Aliko Dangote’s massive refinery complex near Lagos has emerged as one of the main drivers behind Nigeria’s first sovereign credit rating upgrade in 14 years, with S&P Global Ratings describing the project as a growing stabilising force for the country’s economy amid global energy market disruptions.
- Aliko Dangote’s refinery near Lagos has played a key role in Nigeria’s first sovereign credit rating upgrade in 14 years by S&P Global Ratings.
- The $20 billion refinery, operating near its 650,000 barrels-per-day capacity, reduces Nigeria’s reliance on fuel imports and boosts foreign exchange reserves.
- The facility shields Nigeria from supply shocks due to Middle East conflicts and improves its current account surplus, projected to reach 5.8% of GDP in 2026.
- Dangote plans to expand the refinery’s capacity to 1.4 million barrels per day, making it structurally important for Nigeria’s energy sector and external balance.
The $20 billion refinery, which has ramped up to near its 650,000 barrels-per-day capacity, was highlighted by S&P as a key factor behind Nigeria’s long-term sovereign rating upgrade to B from B- on May 15.
The agency said the refinery is helping cut fuel imports, strengthen foreign exchange reserves, improve the country’s current account position, and shield Africa’s largest economy from supply shocks linked to the Middle East conflict.
“Domestic supply helps ensure the availability of refined fuel, gas, and fertiliser for the Nigerian market, providing a buffer against the global and regional supply constraints caused by the Middle East conflict,” S&P said in the report.
Nigeria’s gross foreign exchange reserves climbed to $50 billion by March 2026, up from $33 billion in 2023, while the country’s current account surplus is projected to rise to 5.8% of GDP this year.
S&P also pointed to Dangote’s planned expansion of the facility to 1.4 million barrels per day, saying the refinery is becoming structurally important not only to Nigeria’s energy sector, but also to its broader external balance and sovereign credit profile.

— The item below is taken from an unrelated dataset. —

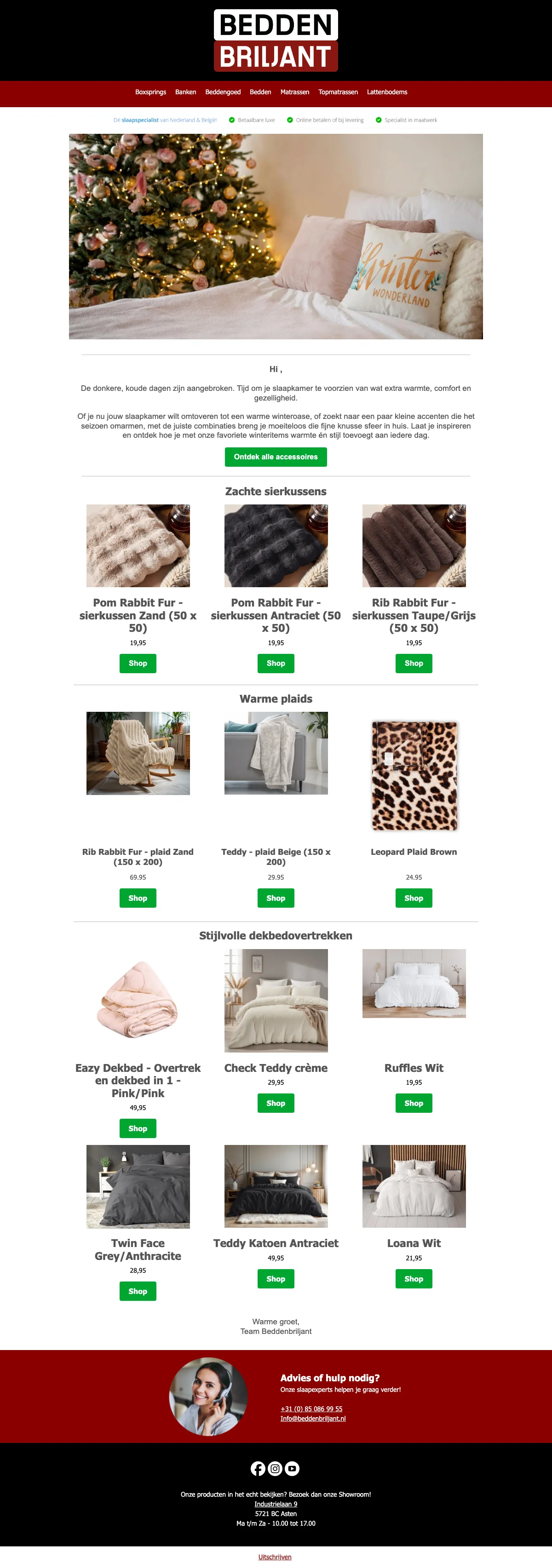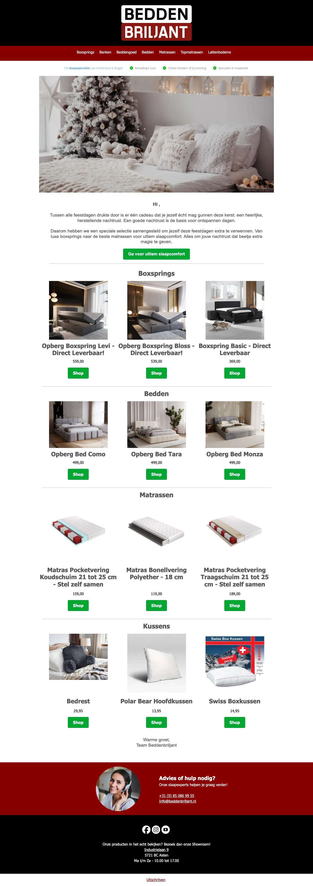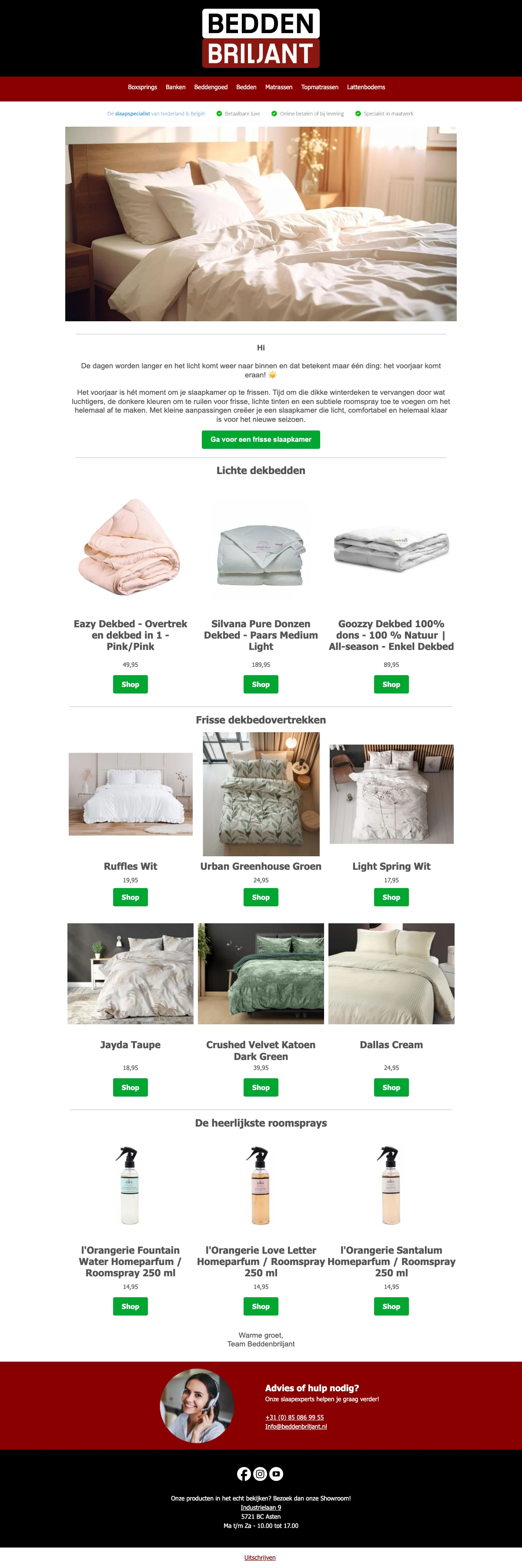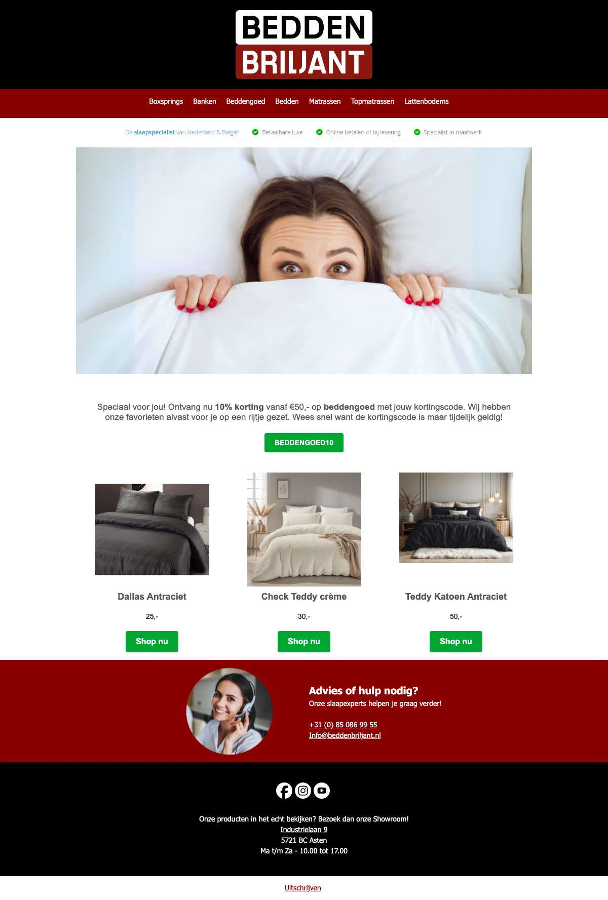 Bij aankoop van een boxspring bij Beddenbriljant krijg je nu gratis een dekbed en kussens. Dit is de perfecte gelegenheid om je slaapkamer in één keer compleet te maken. Geniet van een heerlijke nachtrust met deze comfortabele extra's die je slaapervaring verbeteren.

“The country's refining capacity is also increasing thanks to the new Dangote refinery, and, in early 2026, Dangote unveiled plans to undertake feasibility studies around expanding refining capacity to about 1.4 mbpd, from 650,000 per day currently,” the report stated, adding that the rehabilitation of the Port Harcourt, Warri, and Kaduna refineries could further strengthen Nigeria’s refining capacity and balance of payments in the coming years.

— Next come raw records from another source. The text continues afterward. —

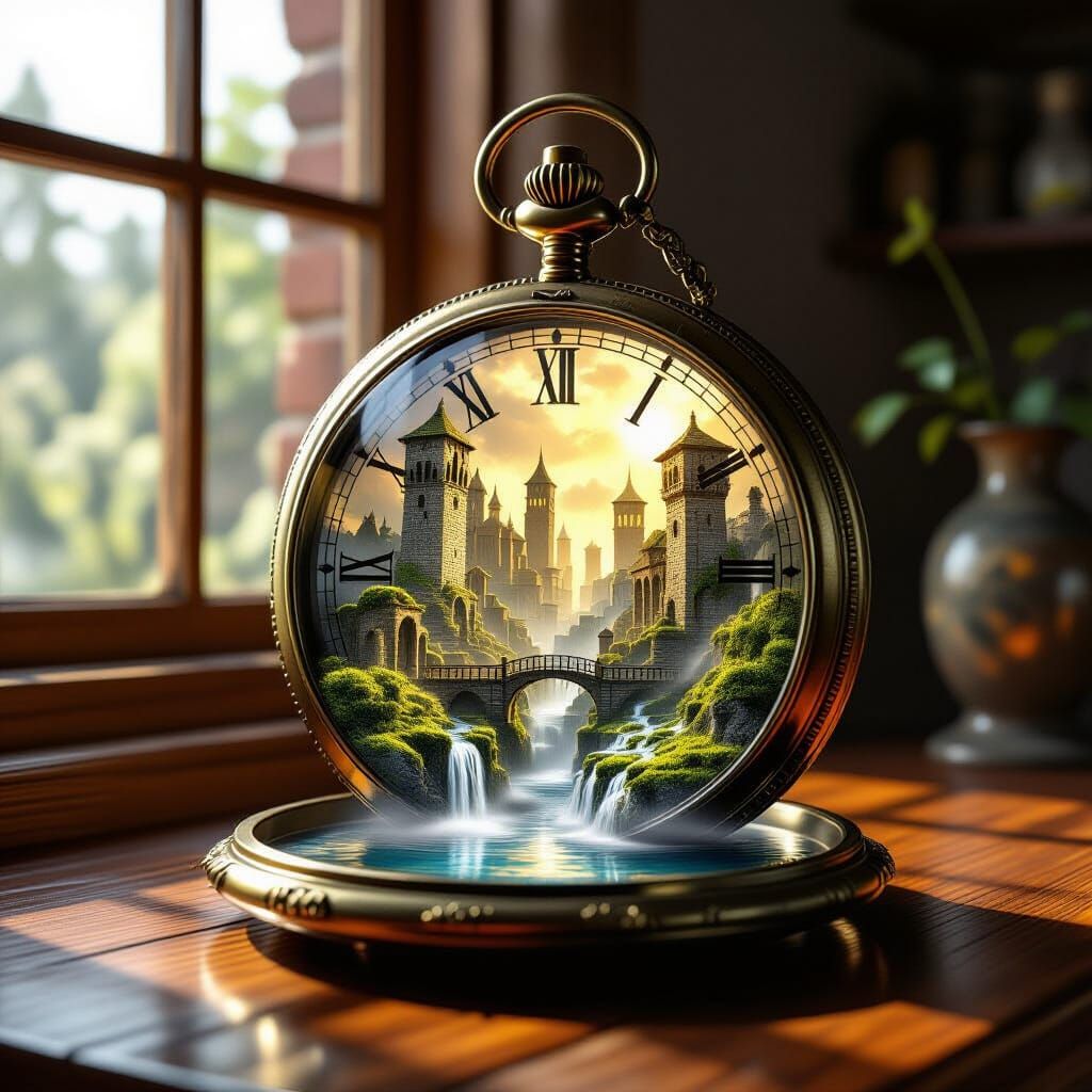 This image shows a hyper-realistic 3D render of an antique pocket watch. Inside its face, a detailed miniature lost city with ruins and waterfalls is visible, blending fantasy and reality with cinematic lighting.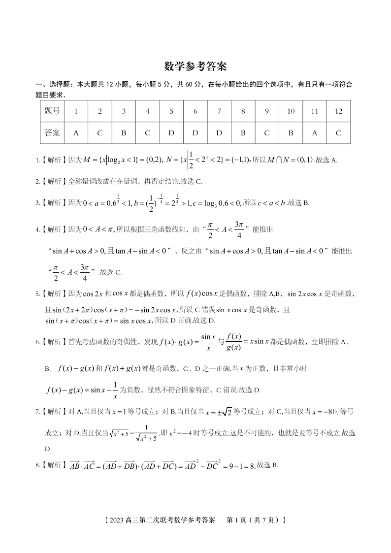 高三数学答案--安徽省省示范高中2023届高三第二次联考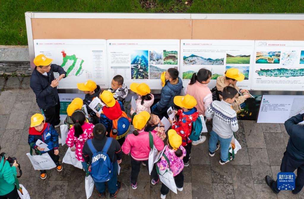 4月17日,参加活动的中小学生在地质专业工作人员的带领下,对铜锣山矿山公园的地质遗迹和生态修复进行科学考察(无人机照片)。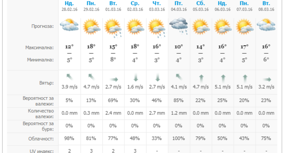 Днес ни очаква облачна, но топла неделя - време идеално за разходки.Максималните температури ще са предимно между 12° и 17°, по морския бряг – малко по-ниски, съобщи дежурният синоптик Анна Дякова от Националния институт по метеорология и хидрология (НИМХ) към БАН.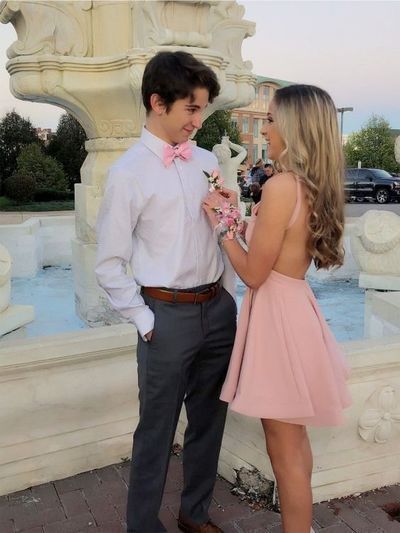 WD0715,Cute A Line Spaghetti Straps Open Back Short Homecoming Dresses,Blush Pink Short Dresses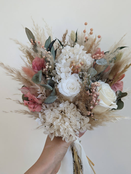 Boho Blush Bridal Bouquet - Preserved Hydrangeas and Roses

Dangote refinery reshapes Nigeria’s external position
For decades, Nigeria spent nearly $10 billion annually importing refined petroleum products despite being one of Africa’s largest crude oil producers.
S&P Global Ratings said the launch of Aliko Dangote’s refinery has significantly reduced dependence on imported fuel while strengthening the country’s external position.
“We expect Nigeria's current account will maintain a strong surplus position in 2026-2029, and that FX reserves will continue to accumulate through to 2029,” the report stated.
S&P noted that Dangote Industries’ refinery and petrochemical complex has ramped up to near its 650,000 barrels-per-day capacity, helping support Nigeria’s projected current account surplus of 5.8% of GDP in 2026, up from 4.8% in 2025.
The agency added that increased domestic refining capacity is helping cushion Nigeria from the economic spillover effects of the Middle East conflict by ensuring local supplies of fuel, gas, and fertiliser, while stronger oil production is expected to average about 1.66 million barrels per day in 2026.
However, S&P warned that inflation remains a major challenge, although it expects price pressures to gradually ease and fall below 10% by 2028.
The report also highlighted ongoing rehabilitation work at the Port Harcourt, Warri, and Kaduna refineries, which could further strengthen Nigeria’s refining capacity and balance of payments in the coming years.